Alors comment se comportait cet engin ? Quiconque a déjà conduit le Land Rover Defender ou le UAZ Patriot confirmera que la conduite de ces véhicules ne répond plus aux normes d'utilisation du 21e siècle. L'A11 Trend allait beaucoup, beaucoup plus loin, surtout en ce qui concerne la conduite sur route ordinaire. Un conducteur habitué au confort conduirait l'A11 sur quelques mètres avant de rendre les clés, bleu de peur. Attraper l'un des rapports relève de la loterie, l'embrayage est d'une raideur infernale et lorsque l'Avia démarre avec un léger rebond, l'habitacle, dont les parois supérieures et le toit sont en fibre de verre, est envahi par le rugissement frénétique du moteur et des pignons de boîte dès le premier rapport.
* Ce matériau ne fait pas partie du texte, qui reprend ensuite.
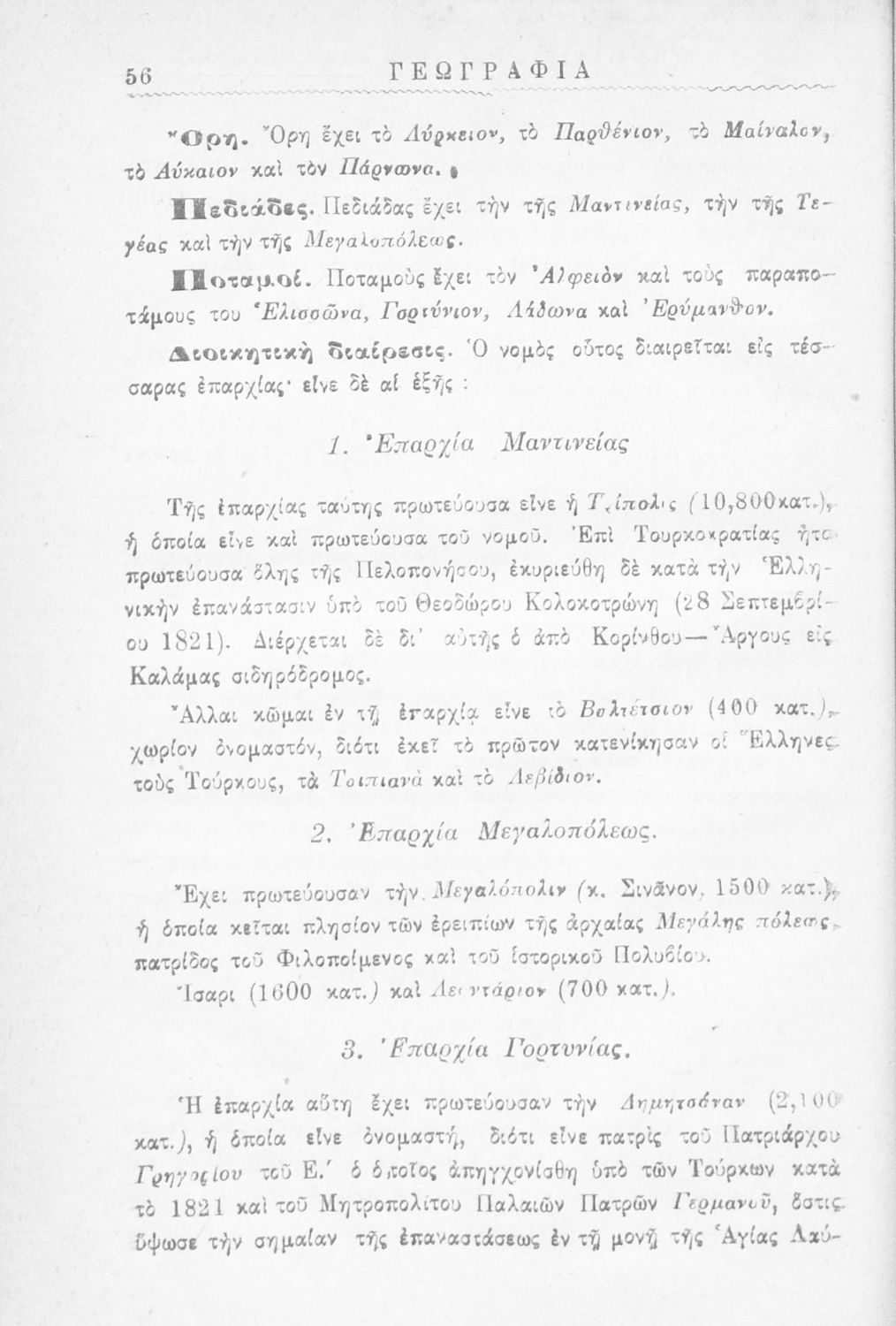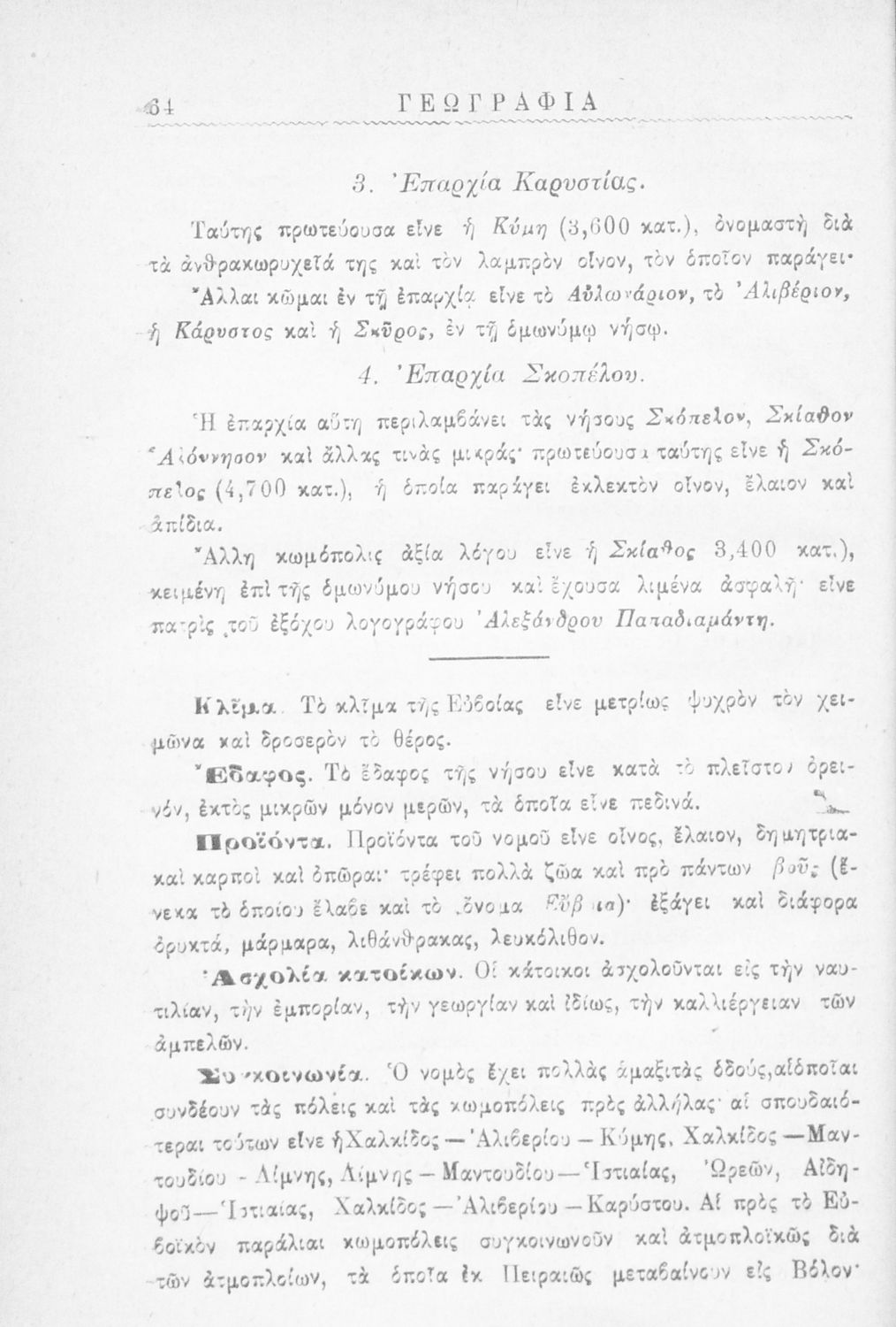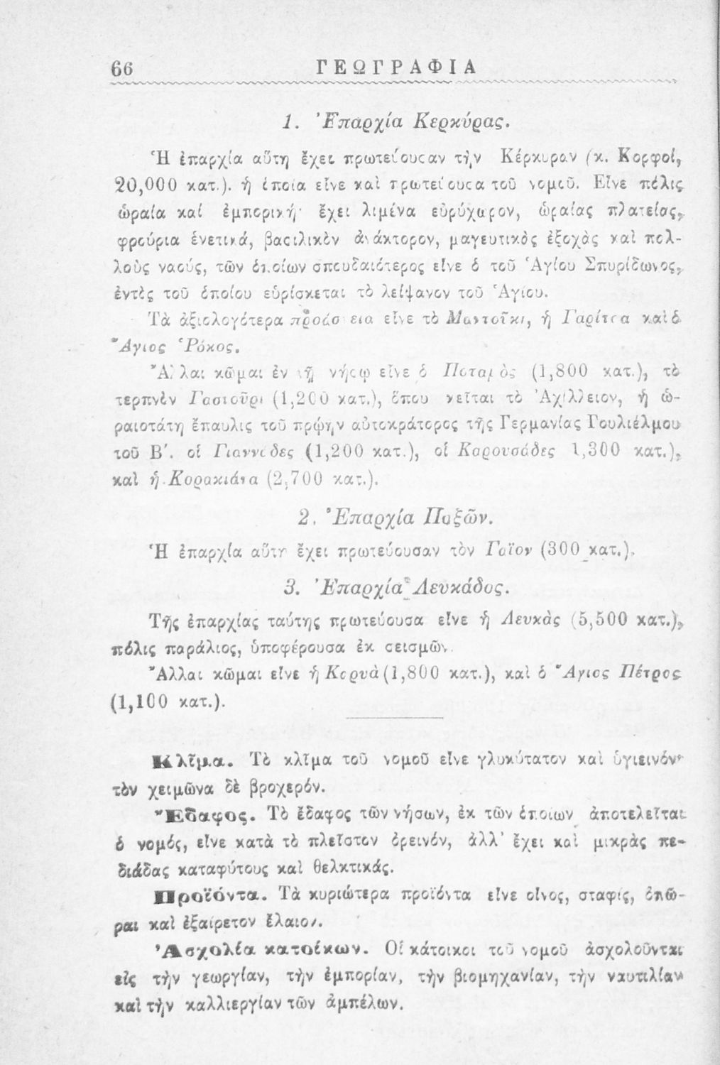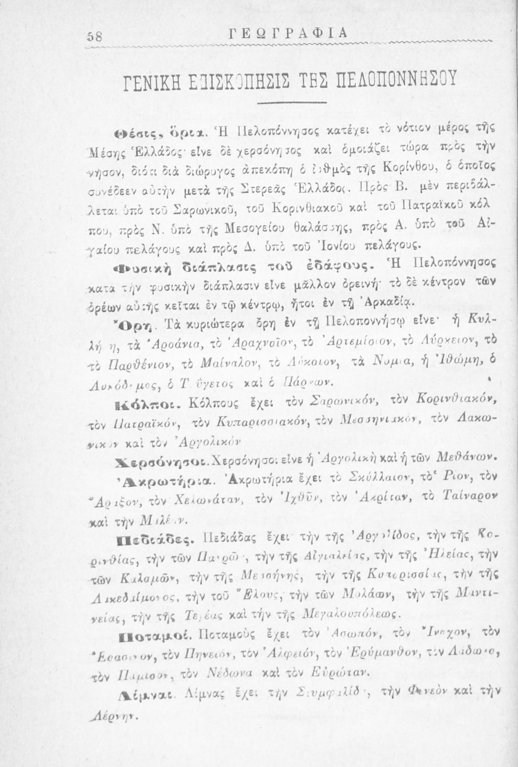 Σχολικό εγχειρίδιο Γεωγραφίας για τα Παρθεναγωγεία και τα Ελληνικά Σχολεία που περιλαμβάνει εισαγωγή στη φυσική, μαθηματική και πολιτική γεωγραφία και εξετάζει την Ελλάδα και ενδεικτικές χώρες και περιοχές από

Non, il n'est pas nécessaire d'aller plus loin, même si, cette voiture donne l’impression qu’elle pourrait grimper les murs.
En fin de compte, la commande ambitieuse de l'armée n'a pas abouti, l'état-major général ayant logiquement opté pour le Defender, qui a fait ses preuves (et gardé aussi un grand nombre de UAZ). Néanmoins, en 1996, quelque 250 exemplaires d’Avia A11 dans différentes versions avaient été produits. Après le rachat de l'usine automobile de Letnany par le groupe Daewoo, la nouvelle direction a perdu tout intérêt pour la poursuite du développement de ce projet non rentable et s'est rapidement débarrassée de la licence.
De nos jours, ces rares Avia peuvent être vus ici et là dans les régions reculées de Tchéquie, dans un état déplorable, mais généralement encore en état de marche, ce qui prouve la solidité de sa base mécanique. Il n'y a probablement pas lieu de se faire de grandes illusions quant à son potentiel en collection, mais si vous souhaitez un véhicule forestier un peu agile, pourquoi pas.
Légende des photos :
- L'Avia A11 Trend, alias Auverland A3, était bien adapté à la conduite tout-terrain, mais était loin d'être à la hauteur dans d'autres disciplines.
- L'Avia A11 Trend et l'Auverland A3 (en photo) étaient presque indiscernables.
- L'un des rares points positifs de l'A11 Trend était le grand nombre de variantes de carrosserie.